Three-factor retrieval works remarkably well. The combination of recency, relevance, and importance produces natural-feeling memory access patterns. Agents remember recent events, recall related past experiences, and retain emotionally significant moments — just like humans.
Reflection creates genuine depth. After enough observations accumulate, agents synthesize insights that feel meaningful. A blacksmith who has had several failed conversations might reflect: "I think people avoid me because I talk too much about my work."
The plan hierarchy prevents aimless wandering. Without plans, agents would just react to stimuli. The three-level decomposition gives them purpose, routine, and the ability to break routine when something interesting happens.

What Surprised Us

Local LLMs perform better than expected. Qwen 14B handles the structured prompts well. The key insight: the cognitive architecture constrains the LLM's output into manageable, focused tasks. Each module asks a specific question with clear formatting requirements. The LLM doesn't need to be brilliant — it needs to be reliable within narrow bounds.
The simulate/replay split was essential. Early attempts at live simulation with UI were painfully slow (minutes per step with 25 agents). Separating the two made experimentation practical.
Agent conversations are the weakest link. Even with memory retrieval and relationship context, conversations tend toward politeness and repetition after several turns. This is where the static nature of LLM weights becomes most apparent — the agents can't truly learn from conversations, only record them.

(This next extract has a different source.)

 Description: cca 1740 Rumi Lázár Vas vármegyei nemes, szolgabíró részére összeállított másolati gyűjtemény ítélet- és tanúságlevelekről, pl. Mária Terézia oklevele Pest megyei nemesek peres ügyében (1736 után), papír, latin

Relationship to V0.1 and V0.2

V0.1 asked the question: "Can two LLM-powered agents have a meaningful conversation?"
The answer was: "Not with naive prompting and flat memory."

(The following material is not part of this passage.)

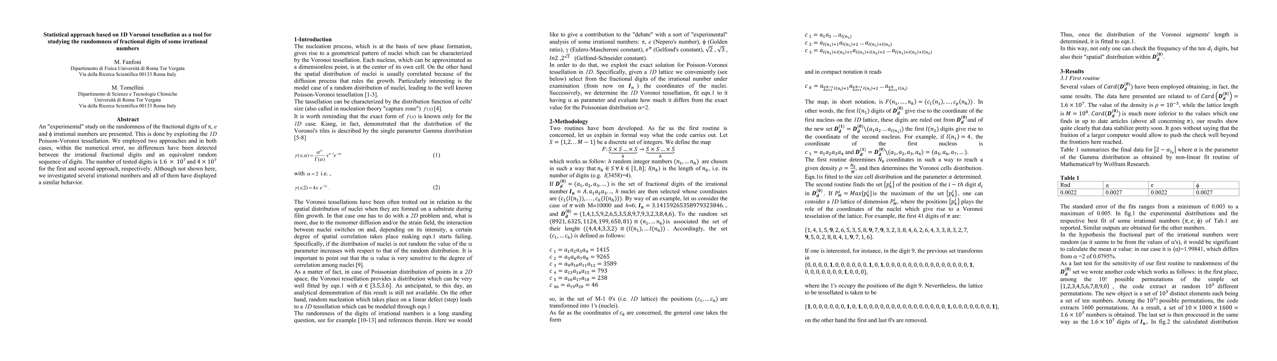 A study found that using 1D Voronoi tessellation, fractional digits of pi, e, and phi were indistinguishable from random sequences within numerical error limits. The research tested over 1.6 million digits and showed similar behavior in multiple irrational numbers.

V0.11 answered: "What if we implement the full cognitive architecture from the paper?"
The answer: "Yes — with perception, structured retrieval, planning, and reflection, agents behave much more believably."

V0.2 asks: "Can we go beyond the paper? Can agents grow, forget, dream, and rebel?"
V0.2 takes the solid foundation of V0.11 and adds biologically-inspired enhancements: short/long-term memory split, dream-based consolidation, ego evolution, ability checks, and the dissent mechanism. It also moves from Smallville to the original world of TANAPOCIA — Uva Village with its medieval fantasy setting, religious tensions, and hidden bloodlines.